Jeremy Hainsworth, Calgary Herald, with files from Canadian Press

Two men in Montreal died this week after being pepper sprayed by police, but Calgary officers stand by the crowd-control tool.

On Sunday, 43-year-old Luc Aubert died of an apparent heart attack as police used pepper spray to subdue him. Sebastien McNicoll, 26, died in hospital Tuesday hours after he was sprayed. Quebec officials are continuing their investigation.

The deaths highlight the spray's dangers, said retired University of Western Ontario toxicologist John Cummins. He said its use as an alternative to guns or clubs is nothing short of torture.

Diabetics and asthmatics are at risk of having an adverse, sometimes fatal, reaction to a blast of pepper, said Cummins.

Calgary city police take four hours training in the use of the spray and are sprayed themselves, said Insp. Verne Fielder.

"For the most part, it is effective," Fielder said. "We decontaminate a person that is sprayed. There could be respiratory problems . . . health problems we wouldn't know about until that person's sprayed. If someone's . . . showing violent reaction to it, the medical people are called."

Fielder said use of the spray is not common in Calgary.

Emergency Medical Services spokesman Fred Hyland said pepper spray victims suffer significant pain.

"They're choking, their eyes are burning and their nose is running," Hyland said.

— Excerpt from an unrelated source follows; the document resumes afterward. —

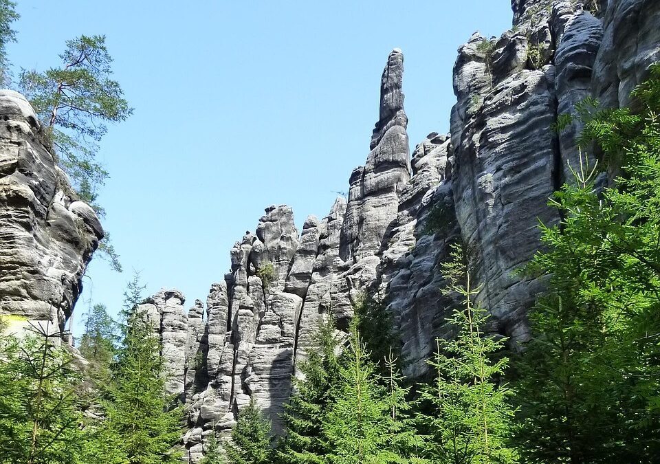 Explore the labyrinths of rock formations in the Adršpach-Teplice Rocks, located just across the border in the Czech Republic.

"Whenever we have an asthmatic who has been pepper sprayed, if they have even a very mild degree of respiratory distress, we transport them to the hospital. It can cause a fairly profound asthmatic reaction."

Steve Jenuth Alberta Civil Liberties Association president said: "We would welcome an international study into the use of pepper spray and to determine if the use of such is really torture.

"The Newfoundland Constabulary and the British police don't carry guns. I don't think they use pepper spray as often."

A June 1996 Calgary fatality inquiry into the death of Roy Sheppard, 29, determined his February 1996 death was not due to police using spray to subdue the schizophrenic after he apparently trashed a group home.

Medical examiner Dr. Lloyd Denmark testified there was no evidence Sheppard had any kind of physical reaction to the pepper spray which could explain the schizophrenic's death.